'Blonde' plays a relevant note over and over again
Fifteen. That’s how many times Sky Ferreira says the title of “Nobody Asked Me (If I Was Okay)” throughout the four-minute song. Writer-director Andrew Dominik’s “Blonde” contains 166 minutes of nobody really asking Marilyn Monroe if she’s OK. It’s similarly repetitive, though not without weight.
Sporting an accent whose occasional cracks seem an intentional part of the film’s non-reality, Ana de Armas stars as the artist formerly known as Norma Jeane Baker, who utilized underrated talent and a bevy of drooling men to escape a traumatic childhood and become an enormous movie star—albeit one who was sexualized at every possible moment and typecast as a dumb, well, you know. And Dominik (“The Assassination of Jesse James by the Coward Robert Ford”) avoids the typical biopic and many aspects of traditional storytelling. This is a woozy movie, disinterested in narrative as it prioritizes the essence of how terrible it feels to be loved by all and heard by none. That is certainly clear; what’s unclear is why capturing that feeling and telling a proper story are mutually exclusive.
For example: We see Marilyn marry Joe DiMaggio (Bobby Cannavale) and Arthur Miller (Adrien Brody) and call both older men “Daddy,” an extension of a lifelong/movielong search for the father she never knew. But these relationships feel like bullet points instead of a person’s life in progress; it’s hard to know if we’re supposed to think that Marilyn/Norma accepted validation from any famous guy with a few years on her or if there was anything about these guys in particular that gave her even a misguided sense of satisfaction and/or safety. The whole movie is kind of like that, hopping around among people in her life (including Julianne Nicholson as her troubled mother and David Warshofsky as a film executive who sexually assaults Marilyn and doesn’t think twice about sitting next to her in a limo) and vaguely suggesting connections while also defiantly leaving out the actual detail and connective tissue that would feel like an honest portrait.

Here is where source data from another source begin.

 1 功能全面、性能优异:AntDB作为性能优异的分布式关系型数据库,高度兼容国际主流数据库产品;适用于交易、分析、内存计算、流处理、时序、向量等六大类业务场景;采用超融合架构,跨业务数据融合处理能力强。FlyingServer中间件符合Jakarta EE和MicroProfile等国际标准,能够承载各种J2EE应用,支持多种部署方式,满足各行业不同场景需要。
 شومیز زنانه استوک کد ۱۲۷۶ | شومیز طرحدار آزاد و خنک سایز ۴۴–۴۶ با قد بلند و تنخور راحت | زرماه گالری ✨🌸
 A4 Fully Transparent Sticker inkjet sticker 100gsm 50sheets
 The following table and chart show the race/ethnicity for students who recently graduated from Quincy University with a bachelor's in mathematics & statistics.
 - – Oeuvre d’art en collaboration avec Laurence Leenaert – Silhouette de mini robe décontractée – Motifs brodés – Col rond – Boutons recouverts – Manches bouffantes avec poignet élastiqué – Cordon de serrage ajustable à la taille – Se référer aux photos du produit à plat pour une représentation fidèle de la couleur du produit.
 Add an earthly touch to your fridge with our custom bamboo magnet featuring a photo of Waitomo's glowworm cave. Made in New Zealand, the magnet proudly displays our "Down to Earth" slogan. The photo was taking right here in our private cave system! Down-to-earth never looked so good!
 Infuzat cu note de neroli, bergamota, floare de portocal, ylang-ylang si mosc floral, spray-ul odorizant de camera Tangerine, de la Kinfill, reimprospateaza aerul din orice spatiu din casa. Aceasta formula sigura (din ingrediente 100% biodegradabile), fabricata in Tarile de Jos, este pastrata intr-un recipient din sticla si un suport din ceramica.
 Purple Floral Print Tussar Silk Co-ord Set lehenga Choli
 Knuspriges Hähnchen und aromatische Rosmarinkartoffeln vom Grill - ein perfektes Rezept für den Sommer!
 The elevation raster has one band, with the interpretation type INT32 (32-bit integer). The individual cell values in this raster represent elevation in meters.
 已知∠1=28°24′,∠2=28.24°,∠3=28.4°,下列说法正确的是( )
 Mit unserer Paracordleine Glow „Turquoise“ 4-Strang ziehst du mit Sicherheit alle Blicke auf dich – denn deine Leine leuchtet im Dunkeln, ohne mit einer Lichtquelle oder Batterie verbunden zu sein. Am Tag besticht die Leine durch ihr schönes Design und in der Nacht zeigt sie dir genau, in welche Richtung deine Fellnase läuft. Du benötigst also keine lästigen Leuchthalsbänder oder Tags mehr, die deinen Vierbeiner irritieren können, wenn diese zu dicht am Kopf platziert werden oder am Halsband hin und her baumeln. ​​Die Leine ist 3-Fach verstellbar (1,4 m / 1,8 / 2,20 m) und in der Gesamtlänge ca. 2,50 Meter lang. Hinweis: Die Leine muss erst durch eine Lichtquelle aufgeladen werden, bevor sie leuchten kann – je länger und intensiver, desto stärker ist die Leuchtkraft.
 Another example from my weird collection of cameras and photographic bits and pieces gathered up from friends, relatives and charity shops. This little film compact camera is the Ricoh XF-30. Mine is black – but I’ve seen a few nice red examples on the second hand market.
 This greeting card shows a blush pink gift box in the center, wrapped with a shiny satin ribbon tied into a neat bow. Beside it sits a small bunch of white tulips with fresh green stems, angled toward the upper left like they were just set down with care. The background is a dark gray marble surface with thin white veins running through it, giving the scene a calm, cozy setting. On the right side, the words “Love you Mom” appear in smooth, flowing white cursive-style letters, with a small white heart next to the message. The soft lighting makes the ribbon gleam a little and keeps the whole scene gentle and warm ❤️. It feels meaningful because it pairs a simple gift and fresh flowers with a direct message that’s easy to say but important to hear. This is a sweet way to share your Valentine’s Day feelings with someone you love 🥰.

That doesn’t mean a traditional biopic, which with rare exception turns a fascinating person’s life into a cliche. But “Blonde” focuses so determinedly on the notion of Marilyn Monroe as a victim of every person and situation that it minimizes her agency in her own story rather than making a well-articulated point about how ill-suited this particular person was for this kind of spotlight at this time in American movies. The filmmaking is often beautiful, whether in the flickering of flames in a wildfire or the throngs of slobbering men calling Marilyn’s name along a red carpet.
Over close to three hours, though, a few striking images and a lot of painful moments don’t necessarily add to what we already understand about objectification and sexism and the vast space between a public profile and inner turmoil. De Armas is extraordinary and much more complicated than the film, which prioritizes its cinematic language over its subject and has a lot more feelings than ideas. The result is unquestionably Dominik’s vision of an icon, but you wonder if we truly get her perspective or just another incurious agenda forced upon her. And if that’s the point, it shouldn’t be.